These changes put the school in a predicament, which is why I said I was officially a peculiar child. The only support the district had at the time was special education. I was the first student in the Marysville school district to be simultaneously enrolled in advanced and remedial classes. For an hour a day, I sat in the library with a few kids who had physical disabilities that prevented them from functioning in the standard classroom environment. The administration assumed I needed help learning science and mathematics and special education was their solution. But learning wasn’t my problem; I knew the material. My biggest issue was getting the work done. I was far more intelligent than they understood. They made a false equivalence between achievement and intelligence. If I was so smart, they assumed my grades should be better.

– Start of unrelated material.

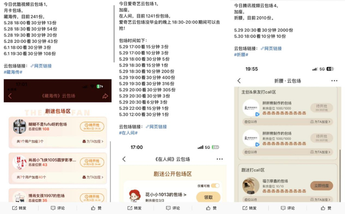 在社交平台上,已经出现了大批网友对云包场高度关注,并且表示有这样天上掉馅饼的好事,以后都不会再充值各大视频平台会员了,小茉就是其中之一。“现在随便一部剧都有包场,从几百份到几十万份都有,只要不停地有新剧上线,就会不停地有云包场出现,这种情况下谁还自己花钱,那不成了冤大头吗?这一部的抢不到,我就等着抢下一部的。”

My learning disability caused me to write slower than most kids. My brain also functioned at a faster pace than the teacher could teach, so I grew bored and distracted. Neither of those issues were addressed through special education nor did it inhibit my ability to comprehend the lessons I was supposed to learn. My biggest challenge was that I didn’t do the work. Either I didn’t have enough time or attention. I literally couldn’t keep up.
These days, I consider myself a constant learner. Maybe it’s a rebellious act against those teachers who never thought it could be done, my way of proving them wrong. I've become an autodidact. I study even when it’s not required because I have a strong desire to learn and know more. As an adult, I still want to be the smartest kid in the room.